When Returning Home Doesn't Feel Like Home
I have been posted abroad for over 13 years; in these years I’ve been in three different locations all within the United States. My last assignment was at our Embassy in Washington, and after spending almost eight years in intense, around the clock consular posts with its respective schedules, the change of pace and topics was a welcome change. However, just when I felt I had grasped the right balance between work and life, the opportunity of a promotion in Mexico surfaced, and combined with the fact I was due back in the following rotation, it was next to impossible to say no. You know you can get the call any moment, that’s “part of the job”, but you’re never prepared for it and it’ll never be easy to pick-up and “start” again. I’m heading back to my home country, but “home” has acquired a very different definition for me.
Now, home is not only where my childhood memories were created, the place where I was born and where part of my family is; it's no longer the place I once envisioned of retiring or settling in. Home is now a feeling and sense of contentment that I have with the life I have created; it’s the opportunity I’ve had of discovering myself in different aspects of life, learning new things like rowing and playing rugby or catching a plane and having adventures with my sister who also lives abroad. And, being open about my sexual orientation in every aspect of my life. More importantly, home has distinctly become living and not working. Similarly, family now encompasses the friendships I’ve created at a later stage in life with people with whom I’ve shared this new sense of well-being and of recognizing that as much as we can be passionate about our jobs, what counts is what happens outside office hours. These are the people and relationships that have helped me rediscover myself and to visualize the type of person and life I want.

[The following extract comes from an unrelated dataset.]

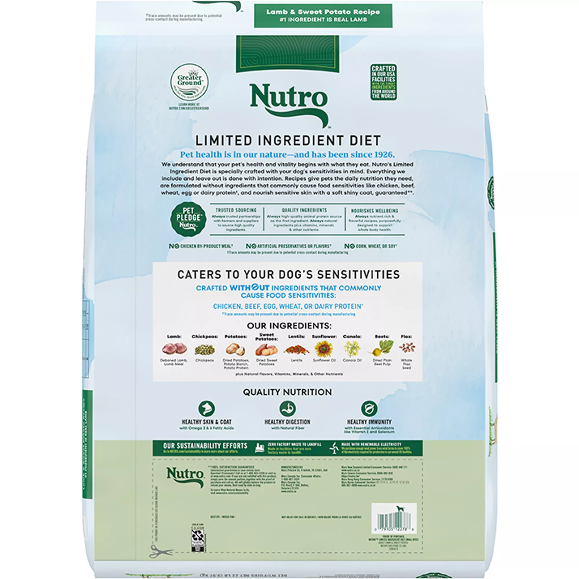 Description: The Nutro Limited Ingredient Diet is specially crafted with your dog’s sensitivities in mind. Everything we include and leave out is done with intention. Nutro Limited Ingredient Diet Small Bites Adult Dry Dog Food, Lamb & Sweet Potato Recipe is always made with 10 key ingredients or less. You can feel confident you’re giving your dog a quality recipe that’s made with non?GMO ingredients and has no chicken by?product meal, corn, wheat, or soy. This dry dog food recipe is made with lamb as the #1 ingredient and is designed with Omega 3 & 6 Fatty Acids to promote healthy skin and a soft, shiny coat. Formulated for dogs that prefer smaller kibble, this dry dog food recipe contains natural fiber to promote healthy digestion and has essential antioxidants like Vitamin E and Selenium to support your dog’s immunity. Nutro understands your pet’s health and vitality begins with what they eat; that’s why they serve quality recipes, tasty flavors, and wholesome ingredients.

Thus with this last transfer, it’s not only the physical relocation that generates a sense of instability, or the responsibilities of the new position in itself, but the feeling of leaving the you that finally made sense. I was living in the present, but started planning a solid future. Certainly the aspect of reconnecting with family and childhood friends is a unique gift that I am most grateful for and that I will certainly make the most of as I now have the opportunity to relive my hometown as an out lesbian, which will prove fascinating. Nonetheless, in the back of my mind, I can’t shake the feeling that I was content where I was, and this doesn’t only mean a location or post, but the person I was able to become. The challenge of having a new position with more responsibility is certainly a big factor and a tremendous challenge I’m ready to assume; but the main challenge is to find the balance between the diplomat I aspire to be, and the personal life I desire.